> [Instructions to follow]
Transcribe the whole listing without a single picture.
··· Raw data
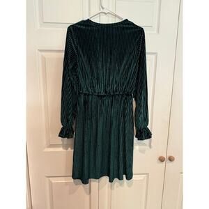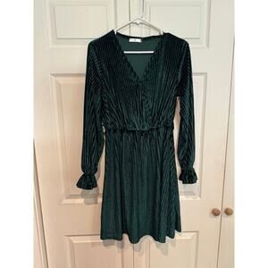 NEW Emerald Green Velvet Velour Dress Long Sleeve V Neck Dress
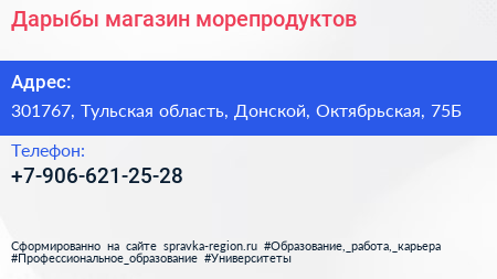 Дарыбы, магазин морепродуктов по адресу 301767, Тульская область, Донской, Октябрьская, 75Б в дальнейшем Организация, размещена в следующих категориях:
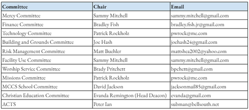 Please note that committee assignments will be updated before the end of January. We ask for your prayers as the Deacons transition into their new roles and continue the work of faithfully caring for the needs of the church and its members.
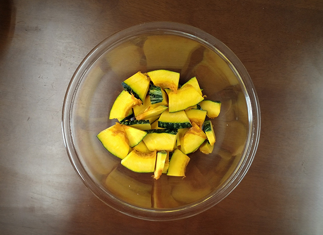 耐熱ボウルに1のかぼちゃと軽く水を振り入れて、ふんわりとラップをする。
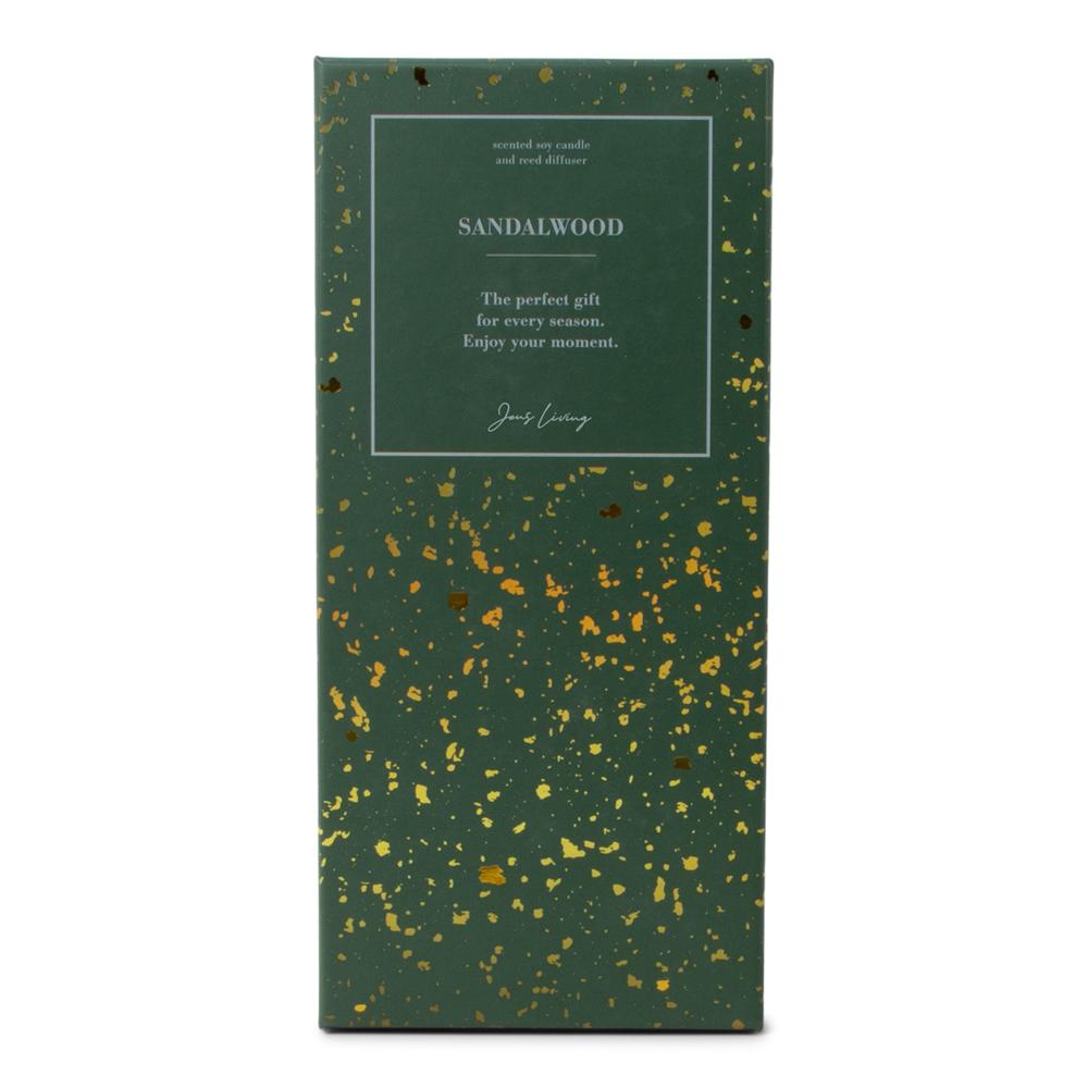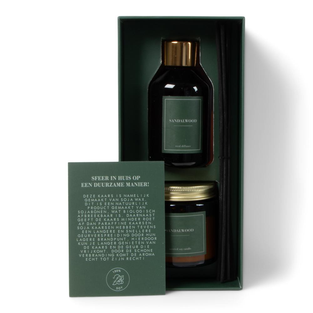 Deze luxe giftbox is gevuld met een geurkaars, diffuser en geurstokjes. De set geeft een subtiele sandalwood geur af. De kaars is gemaakt van soja wax. Dit is een natuurlijk product gemaakt van sojabonen. Door het gebruik van soja wax komt er minder roet vrij. Ook heeft de kaars een langere en snellere geurverspreiding. De brandduur van de kaars is ca. 12-15 uur.
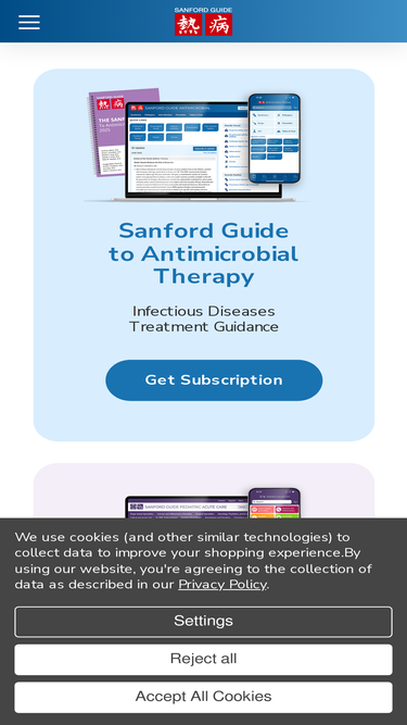 100%Download the Sanford Guide mobile app and subscribe for comprehensive infectious diseases treatment guidelines. Available on iOS & Android devices.
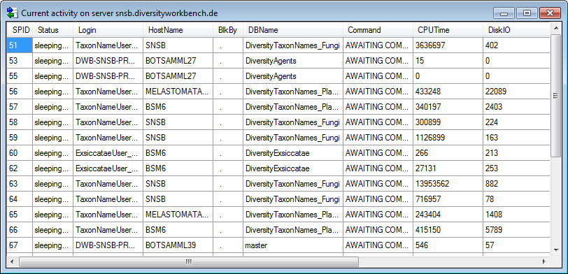 All databases on the server will be listed with the current database showing a yellow background. The databases where the login has no access will be listed in gray while the databases accessible for a login are black.
······
> [Problem solution]
 NEW Emerald Green Velvet Velour Dress Long Sleeve V Neck Dress
 Дарыбы, магазин морепродуктов по адресу 301767, Тульская область, Донской, Октябрьская, 75Б в дальнейшем Организация, размещена в следующих категориях:
 Please note that committee assignments will be updated before the end of January. We ask for your prayers as the Deacons transition into their new roles and continue the work of faithfully caring for the needs of the church and its members.
 耐熱ボウルに1のかぼちゃと軽く水を振り入れて、ふんわりとラップをする。
 Deze luxe giftbox is gevuld met een geurkaars, diffuser en geurstokjes. De set geeft een subtiele sandalwood geur af. De kaars is gemaakt van soja wax. Dit is een natuurlijk product gemaakt van sojabonen. Door het gebruik van soja wax komt er minder roet vrij. Ook heeft de kaars een langere en snellere geurverspreiding. De brandduur van de kaars is ca. 12-15 uur.
 100%Download the Sanford Guide mobile app and subscribe for comprehensive infectious diseases treatment guidelines. Available on iOS & Android devices.
 All databases on the server will be listed with the current database showing a yellow background. The databases where the login has no access will be listed in gray while the databases accessible for a login are black.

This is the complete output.